Стас с Леной поспешили с прихожую.

Мама Стаса почему-то была со старой хозяйственной и при этом — совершенно пустой — сумкой.

— Мам, ты Горбушу не видела? — первым делом спросил у нее Стас.

— А что такое? — с деланным удивлением спросила та.

— Да нет ее нигде! — жалобно сказала Лена.

Свекровь вошла в их комнату, огляделась и картинно развела руками:

— Я же вас предупреждала — закрывайте клетку, когда уходите! А тут еще и окно открыто…

— Так ведь закрывали! Во всяком случае, клетку…

— Значит, плохо закрывали! Надо было проверить еще раз!

Что-то в голосе мамы и то, что говоря, она отводила глаза, насторожило Стаса.

Он незаметно выскользнул из комнаты, взял хозяйственную сумку.

И вернулся в зал, куда перешла мама, демонстративно показывая ее дно, в котором лежало… большое воронье перо.

— Ну и что? – не став даже отпираться, с вызовом спросила мама. — Да, я решила избавиться от нее! А сколько уже можно было терпеть все это?

— Вы что… ее выгнали? — с ужасом спросила Лена.

— Положим, не выгнала, а просто выпустила на свободу, на которую она, кстати, тоже имеет полное право! — уточнила свекровь.

— Где? В каком месте? — спросил Стас, в готовности немедленно броситься туда, где была наверняка просто вытряхнута из сумки Горбуша.
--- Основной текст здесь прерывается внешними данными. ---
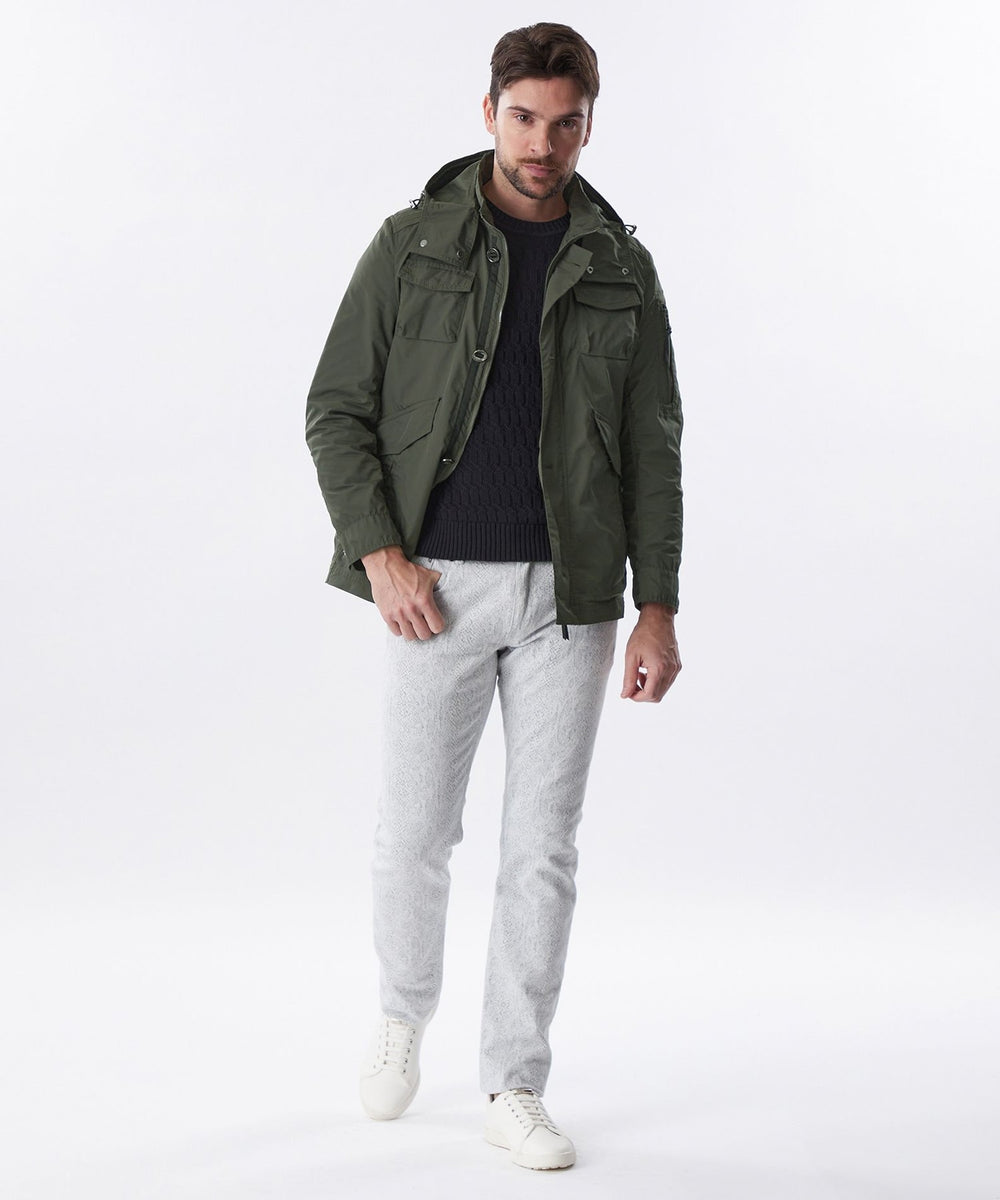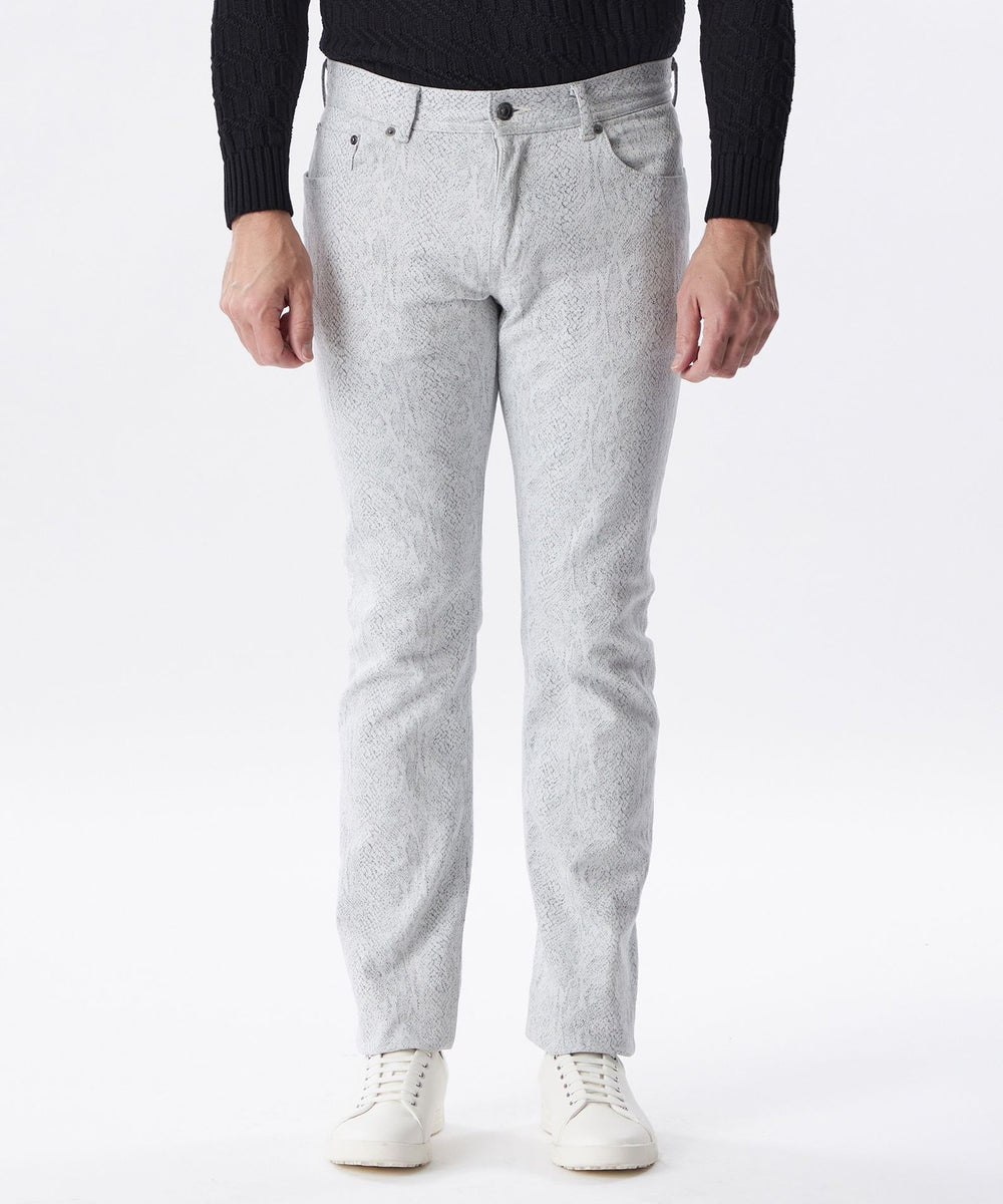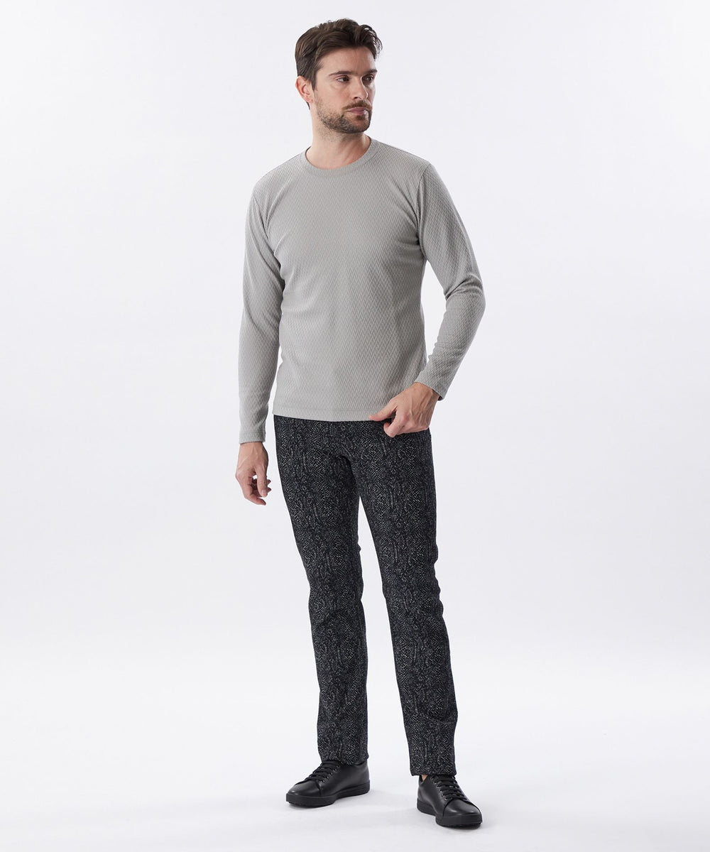 ジャカード織機で織りあげたパイソン柄のデニム素材です。緯糸は柄の間から見え隠れするように色糸と白糸を交互に配列し、パイソンの有機的な雰囲気を表現しました。

Но его мама тяжело опустилась на диван и, потирая висок — видно было, что у нее на самом деле поднялось давление — сказала:

— Не помню! Правда! Простите… Она меня так довела и еще раскаркалась, как никогда, когда вы ушли на прогулку, что я положила ее в сумку, села в метро… Ехала… ехала… Одно только в памяти осталось — по красной ветке. Несколько раз хотела вернуться… Но все же удержала себя и, в конце концов, поднялась наверх. Ну, не помню на какой станции… И только открыла сумку, как она сама улетела. Честно вам говорю — сама!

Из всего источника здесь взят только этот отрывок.